Yonsei Med J.  2017 Mar;58(2):339-346. 10.3349/ymj.2017.58.2.339.

Impact of Serum Leptin to Adiponectin Ratio on Regression of Metabolic Syndrome in High-Risk Individuals: The ARIRANG Study

Affiliations
  • 1Department of Humanities and Social Medicine, Ajou University School of Medicine, Suwon, Korea.
  • 2Department of Preventive Medicin, Yonsei University Wonju College of Medicine, Wonju, Korea. dodge@yonsei.ac.kr
  • 3Institute of Genomic Cohort, Yonsei University, Wonju, Korea.
  • 4Department of Internal Medicine, Yonsei University Wonju College of Medicine, Wonju, Korea.

Abstract

PURPOSE
The ratio of serum leptin to adiponectin (L/A ratio) could be used as a marker for insulin resistance. However, few prospective studies have investigated the impact of L/A ratio on improvement of metabolic components in high-risk individuals with metabolic syndrome. We examined the association between L/A ratio and the regression of metabolic syndrome in a population-based longitudinal study.
MATERIALS AND METHODS
A total of 1017 subjects (431 men and 586 women) with metabolic syndrome at baseline (2005-2008) were examined and followed (2008-2011). Baseline serum levels of leptin and adiponectin were analyzed by radioimmunoassay. Area under the receiver operating characteristics curve (AUROC) analyses were used to assess the predictive ability of L/A ratio for the regression of metabolic syndrome.
RESULTS
During an average of 2.8 years of follow-up, metabolic syndrome disappeared in 142 men (32.9%) and 196 women (33.4%). After multivariable adjustment, the odds ratios (95% confidence interval) for regression of metabolic syndrome in comparisons of the lowest to the highest tertiles of L/A ratio were 1.84 (1.02-3.31) in men and 2.32 (1.37-3.91) in women. In AUROC analyses, L/A ratio had a greater predictive power than serum adiponectin for the regression of metabolic syndrome in both men (p=0.024) and women (p=0.019).
CONCLUSION
Low L/A ratio is a predictor for the regression of metabolic syndrome. The L/A ratio could be a useful clinical marker for management of high-risk individuals with metabolic syndrome.

Keyword

Leptin; adiponectin; metabolic syndrome; insulin resistance; prospective study

MeSH Terms

Adiponectin/*blood
Adult
Biomarkers/blood
Female
Humans
Insulin Resistance
Leptin/*blood
Longitudinal Studies
Male
Metabolic Syndrome/*blood
Middle Aged
Odds Ratio
Population Surveillance
Prospective Studies
Adiponectin
Biomarkers
Leptin

Figure

  • Fig. 1 Proportion (%) of regression of metabolic syndrome according to baseline leptin (ng/mL) and adiponectin (µg/mL) tertiles. Leptin T1: <2.45 in men, <8.02 in women; Leptin T2: 2.45–3.89 in men, 8.02–12.68 in women; Leptin T3: ≥3.90 in men, ≥12.69 in women; Adiponectin T1: <4.61 in men, <7.69 in women; Adiponectin T2: 4.61–6.95 in men, 7.69–11.12 in women; Adiponectin T3: ≥6.96 in men, ≥11.13 in women.

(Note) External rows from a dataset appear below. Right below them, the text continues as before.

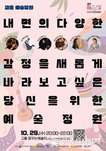 한국시사경제 전남취재본부 | 고흥군과 고흥군 문화도시센터는 ‘10월 문화가 있는 날 구석구석 문화배달–고흥예술정원’ 프로그램을 오는 10월 29일 오후 8시, 고흥 꿈꾸는예술터에서 진행한다고 밝혔다.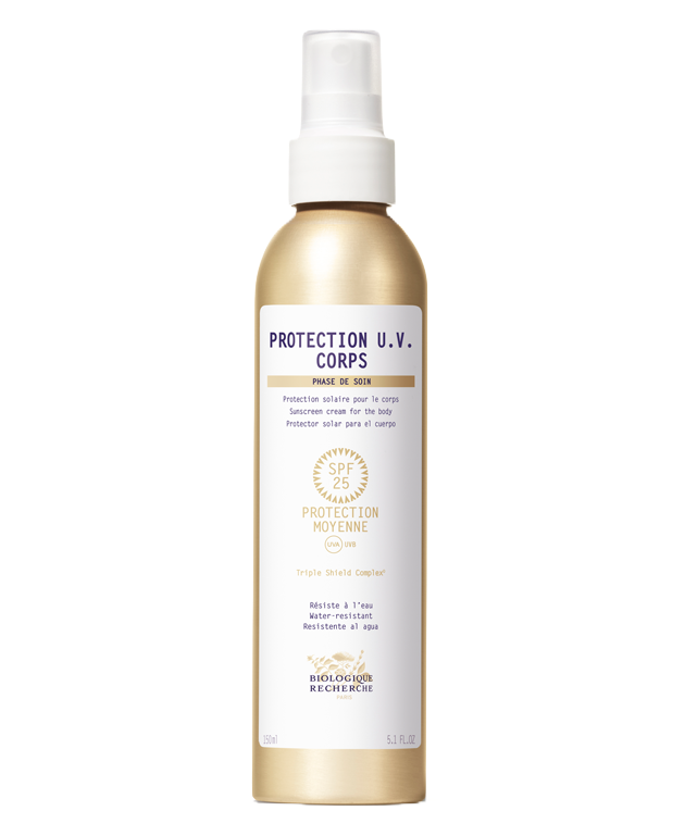 An innovative combination of 100% natural filters, Protection UV Corps SPF 25 effectively protects the skin from the sun. With Triple Shield Complex© technology targeting 100% of the sun's range [UVA + UVB + visible light + infrared], it preserves the skin's solar capital. In addition, its formula, rich in moisturizing and regenerating active ingredients, helps prevent skin aging and dehydration. Waterproof. Photostable. Tested under dermatological control.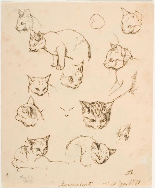Editor: We're looking at "Het leven en bedrijf der katten," or "The life and business of cats," a print and watercolor piece, likely from between 1843 and 1920, by Hermann van der Moolen. It's essentially a page filled with vignettes of cats in various activities. I find it quite charming. What strikes you most about this collection of feline snapshots? Curator: It's a fascinating piece because it encapsulates how the 19th century increasingly viewed animals – not just as utilitarian creatures but as subjects worthy of observation and, dare I say, anthropomorphism. Genre painting, depicting everyday life, became incredibly popular, and here we see it applied to the domestic sphere of cats. The scenes feel very staged and moralistic, though. Does that resonate with you? Editor: I see that! It’s like little morality plays acted out by cats. Like the cat perched precariously on the vase, or the cat cornering a mouse. Are these scenes designed to reflect certain human behaviors, through cats? Curator: Precisely. Think of the burgeoning middle class, the rise of pet ownership, and the sentimentalization of domesticity. This print catered to that market, subtly reinforcing societal norms. Cats, already associated with independence and mystery, now also become symbols of family life and perhaps even gentle satire. Consider the ways in which social satire has been applied to animal protagonists in other artworks through history. What visual cues do you notice that support this interpretation? Editor: The detail! Look at how the artist meticulously renders the cats' fur and their expressions, making them relatable, even comical. It speaks to a public who had the time and interest to appreciate such detail. It’s interesting to consider the print as a commodity, too – a reflection of social trends in its time. Curator: Absolutely. And that detail made it easier for the viewers of the time to recognize in these animals those behaviours and types that amused and comforted them in the increasingly impersonal urban spaces. Editor: That definitely broadens my understanding of the work beyond just cute cats. I now appreciate how it reflects broader societal values and the cultural context of its time. Thanks!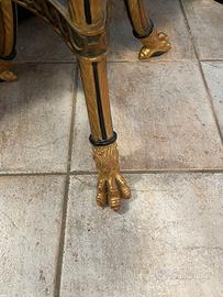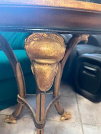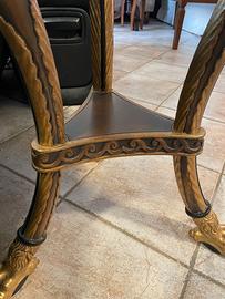 elegante tavolino fortemente ispirato allo stile Impero o al periodo del Consolato francese (fine XVIII - inizio XIX secolo), caratterizzato dall'uso di motivi classici e maestosi. Dimensioni: diametro cm 73 altezza cm 72

  • Fig. 2 Comparison of predictive powers of serum levels of leptin, adiponectin and L/A ratio for regression of metabolic syndrome. AUROC, area under the receiver operating characteristics curve; L/A ratio, ratio of leptin to adiponectin.


Reference

1. Wang P, Mariman E, Renes J, Keijer J. The secretory function of adipocytes in the physiology of white adipose tissue. J Cell Physiol. 2008; 216:3–13.
Article
2. Bartness TJ, Song CK. Thematic review series: adipocyte biology. Sympathetic and sensory innervation of white adipose tissue. J Lipid Res. 2007; 48:1655–1672.
Article
3. Fantuzzi G. Adipose tissue, adipokines, and inflammation. J Allergy Clin Immunol. 2005; 115:911–919.
Article
4. Matsuzawa Y, Funahashi T, Nakamura T. Molecular mechanism of metabolic syndrome X: contribution of adipocytokines adipocyte-derived bioactive substances. Ann N Y Acad Sci. 1999; 892:146–154.
Article
5. Ouchi N, Kihara S, Arita Y, Okamoto Y, Maeda K, Kuriyama H, et al. Adiponectin, an adipocyte-derived plasma protein, inhibits endothelial NF-kappaB signaling through a cAMP-dependent pathway. Circulation. 2000; 102:1296–1301.
Article
6. Kawanami D, Maemura K, Takeda N, Harada T, Nojiri T, Imai Y, et al. Direct reciprocal effects of resistin and adiponectin on vascular endothelial cells: a new insight into adipocytokine-endothelial cell interactions. Biochem Biophys Res Commun. 2004; 314:415–419.
Article
7. Weyer C, Funahashi T, Tanaka S, Hotta K, Matsuzawa Y, Pratley RE, et al. Hypoadiponectinemia in obesity and type 2 diabetes: close association with insulin resistance and hyperinsulinemia. J Clin Endocrinol Metab. 2001; 86:1930–1935.
Article
8. Kim JY, Ahn SV, Yoon JH, Koh SB, Yoon J, Yoo BS, et al. Prospective study of serum adiponectin and incident metabolic syndrome: the ARIRANG study. Diabetes Care. 2013; 36:1547–1553.
9. Friedman JM, Halaas JL. Leptin and the regulation of body weight in mammals. Nature. 1998; 395:763–770.
Article
10. Patel SB, Reams GP, Spear RM, Freeman RH, Villarreal D. Leptin: linking obesity, the metabolic syndrome, and cardiovascular disease. Curr Hypertens Rep. 2008; 10:131–137.
Article
11. Segal KR, Landt M, Klein S. Relationship between insulin sensitivity and plasma leptin concentration in lean and obese men. Diabetes. 1996; 45:988–991.
Article
12. Finucane FM, Luan J, Wareham NJ, Sharp SJ, O’Rahilly S, Balkau B, et al. Correlation of the leptin:adiponectin ratio with measures of insulin resistance in non-diabetic individuals. Diabetologia. 2009; 52:2345–2349.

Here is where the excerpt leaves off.